The execution of arbitrary code without any inherent trust is a problem. A problem that git-annex may not want to get into. Moreover, there are many candidate environments for code execution -- a complexity that git-annex may not want to get into either.
External remote protocol sufficient?
From my point of view, pretty much all required functionality could be hidden behind the external remote protocol and thereby inside on or more special remote implementations.
STORE
: somehow capture the computing instructions, likely linking some code to some (key-specific) parameters, like input filesCHECKPRESENT
: do compute instruction for a key exist?RETRIEVE
: compute the keyREMOVE
: remove the instructions/parameter recordWHEREIS
: give information on computation/inputs
where SET/GETSTATE
may implement the instruction deposit/retrieval.
Worktree provisioning?
Such external remote implementation would need a way to create suitable worktrees to (re)run a given code. Git-annex support to provide a (separate) worktree for a repository at a specific commit, with efficient (re)use of the main repository's annex would simplify such implementations.

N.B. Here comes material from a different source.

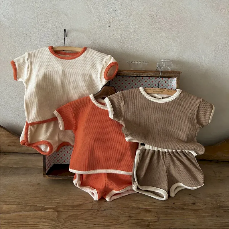 Wholesale Baby Fashion Color Contrast Short Sleeve Top And Shorts Two-Piece Set

Request one key, receive many
It is possible that a single computation yields multiple annex keys, even when git-annex only asked for a single one (which is what it would do, sequentially, when driving a special remote). It would be good to be able to capture that and avoid needless duplication of computations.
Instruction deposition
Using STORE
(git annex copy --to
) record instructions is possible (say particular ENV variables are used that pass information to a special remote), but is more or less a hack. It would be useful to have a dedicated command to accept and deposit such a record in association with one or more annex keys (which may or may not be known at that time). This likely require settling on a format for such records.
Storage redundancy tests
I believe that no particular handling of annex key that are declared inputs to computing instructions for other keys are needed. Still listing it here to state that, and be possibly proven wrong.
Trust
We would need a way for users to indicate that they trust a particular compute introduction or the entity that provided it. Even if git-annex does not implement tooling for that, it would be good to settle on a concept that can be interpreted/implemented by such special remotes.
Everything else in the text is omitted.